Away from the field, the Corey Brown Show has another side. Brown, sporting a New Wave haircut and trimmed goatee, is a thoughtful teen-ager who has written poetry and canceled several recruiting trips because “I got tired of hearing I was the greatest thing since cotton candy.”

Brown said he was ready to attend USC but chose Washington because he wanted to get away from Los Angeles: “It’s too congested. Washington is clean.”

But Brown, who helped re-establish Morningside’s football program, was quick to defend his alma mater, which is in an Inglewood neighborhood that makes more news with its drug and gang problems than with its athletic heroics.

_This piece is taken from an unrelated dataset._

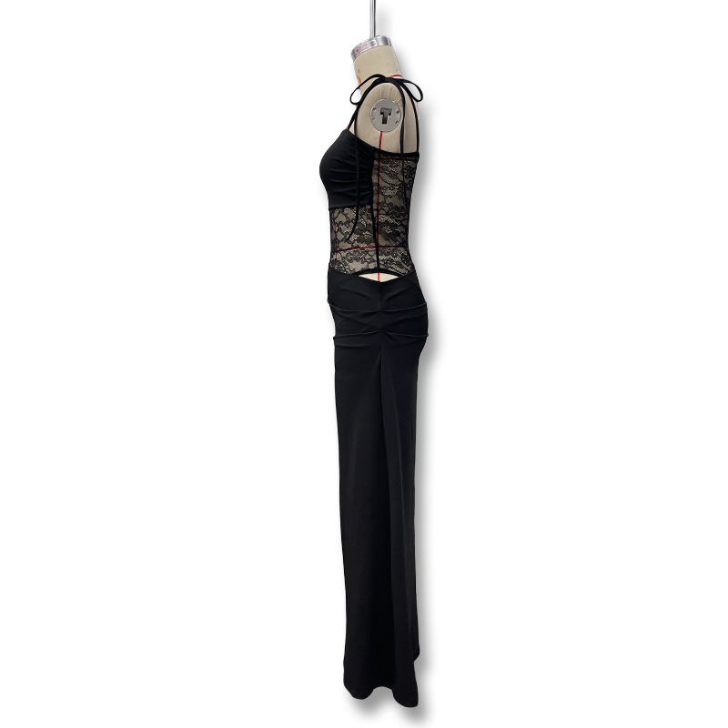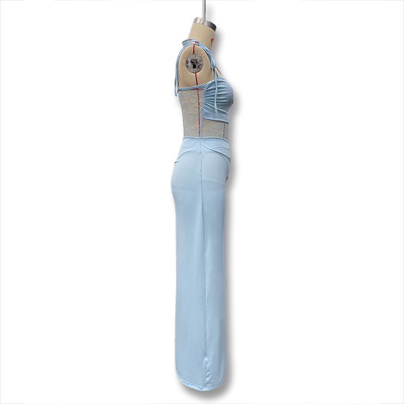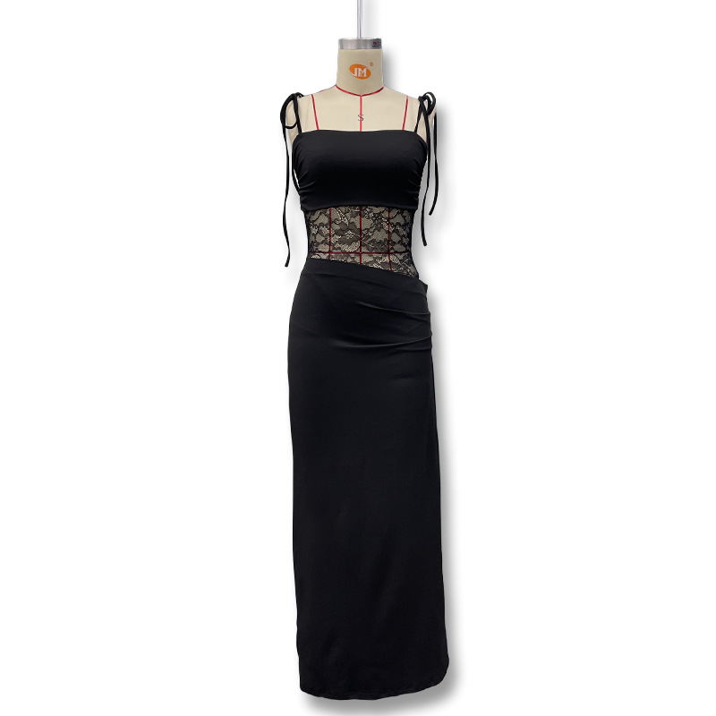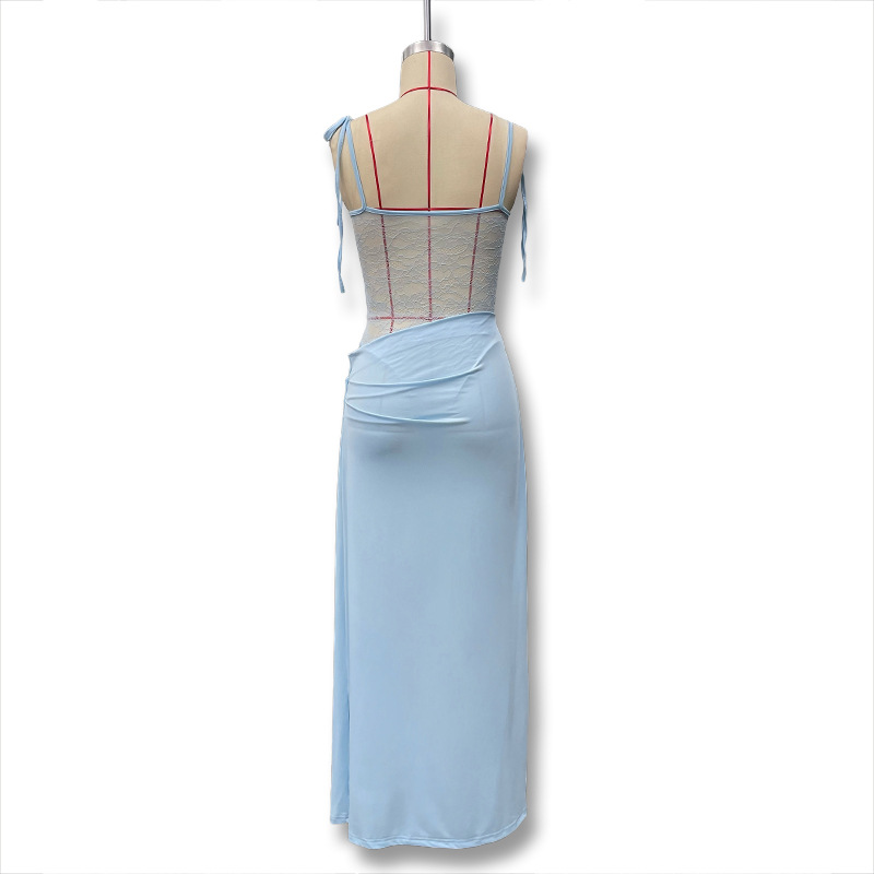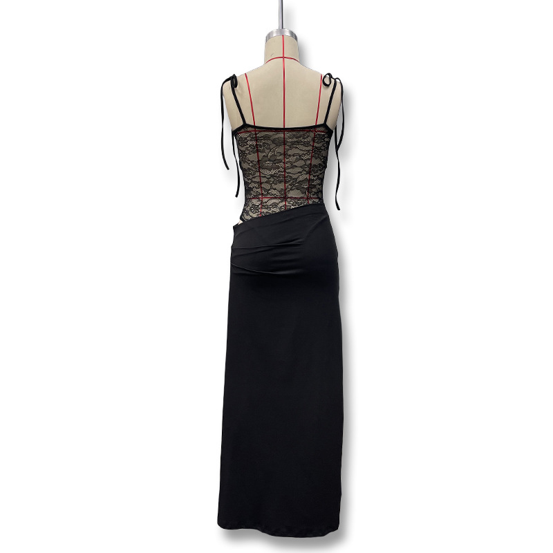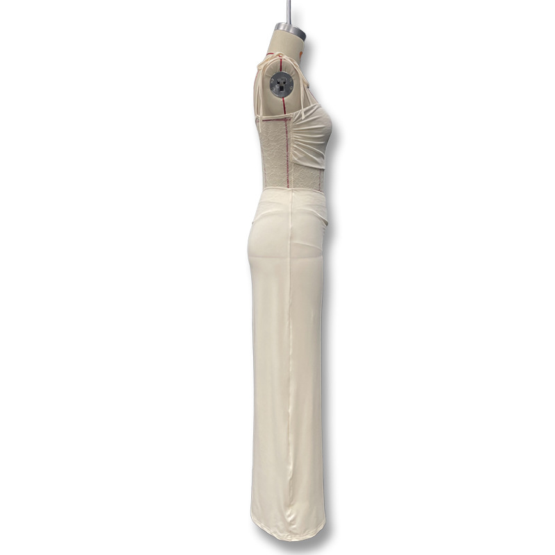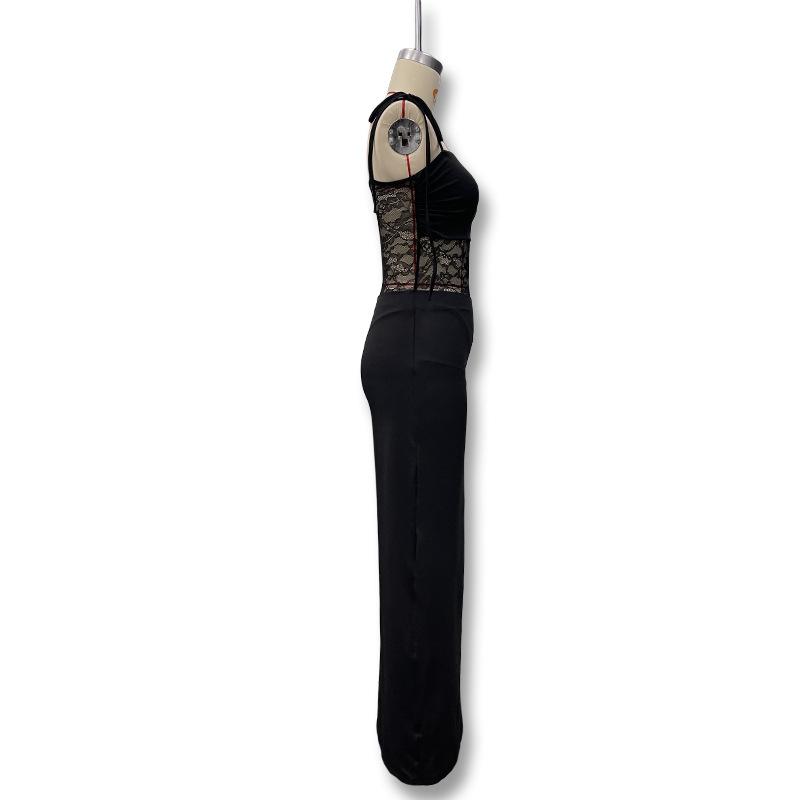유럽과 미국 스타일의 새로운 레이스 오프 숄더 스트랩 슬림 스플릿 원피스 섹시한 스티칭 중공 관점 원피스

“The reputation of Morningside is a reputation from the past,” he said. “The majority (of students) are clean. The guys are getting into athletics. I always had football to take my aggression out. I’ve never been into that Bloods-Crips (gang) stuff. I didn’t have enough time to be in gangs. It was practice, lift weights, go home and sleep.”

He claimed the school’s reputation made it tougher to compete, though Brown, at fullback and sometimes offensive line as well as linebacker, led the Monarchs to a Pioneer League title. Brown was an all-CIF linebacker as a junior and senior as well as Pioneer League most valuable player and a Cal Hi Sports All-American last season.

“We had to prove we could play football,” he said. “The reputation of just being maniacs out there trying to kill somebody wasn’t true. We wanted to prove we had the best defense in the South Bay. I think we did. It wasn’t just me--we all came together on defense. Offensively we struggled a little but we could all express ourselves hitting somebody. We never got anything from the referees. We had to take everything we got.”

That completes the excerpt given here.